There is a method to the sacking of Iraq by the American-Anglo invasion forces. The plundering of public wealth for private gain has been elevated to the status of an official religion in our country, trumpeted as a virtue by economists and pundits in the media. Now our ethic of plundering public wealth for private gain is being exported to Iraq. First the US government teams up with Britain to dump 20,000 tons of bombs on Iraq, and is now poised to dole out billions of dollars of more taxpayer largesse to US businesses to rebuild Iraq. The big early winner of the Iraq invasion sweepstakes is Betchel, which was just awarded a contract worth of up to $680 million to rebuild Iraq's electric utilities. Perhaps Pacific, Gas & Electric or Enron will get the contract to manage Iraq's electricity once it's up and running again.

In the end, "regime change" didn't simply mean overthrowing Saddam's government. It also meant smashing Iraqi civil society and the ability of Iraqis to govern their own affairs. We won't know how many thousands of Iraqis will die because of the complete collapse of the Iraqi health care system under the watch of US soldiers, but we do know that before Baghdad fell Iraq's hospitals were so overwhelmed with the war dead and wounded they gave up trying to count them.

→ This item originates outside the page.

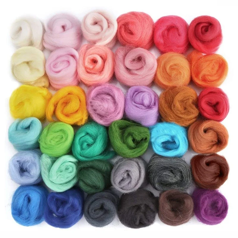 Пушистый и мягкий. Подходит для валяния DIY.Яркие цвета шерстяного волокна.Изготовлено из мягкой волокнистой шерсти. Отличное волокно для вязания игл.Идеально подходит для вязания игл и мокрого валяния: изготовление кукол, изготовление мыла, сушилки, любое ремесло и идеальный Детский Рождественский подарок.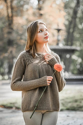 A seamless, top-down pullover featuring a beautifully crafted circular yoke with freeform cable detailing that transitions smoothly into a timeless stockinette body. This versatile design includes instructions for any desired sleeve and body length across a wide size range from toddler to large adult.

Iraq will be "rebuilt," but the generous welfare system the Baathists administered, helping to give Iraqis one of the highest standards of living in the Arab world, will never be allowed to serve the needs of Iraqis the way it used to. Any US-backed puppet government will find itself in the same boat the puppet regime in Saigon did from the late '50s until 1975. It will be so unpopular that it will be unable to hold onto power without the assistance of the US military power.

The quick defeat of Iraq's ragtag army by the American-Anglo invaders has proven that Saddam Hussein's government was not the threat the Bush administration claimed it was. The quick collapse of Iraqi society under US and British watch only adds to the laundry list of charges the anti-war movement should demand George Bush The Vandal and Tony Blair The Vandal be tried for in the International Criminal Court. It won't be enough for the anti-war movements in the US and Britain to successfully throw these vandals out of office. Whether or not they are ever arrested for their crimes, we all owe humanity nothing less than warrants for the arrest of these vandals and their henchmen in Washington and London.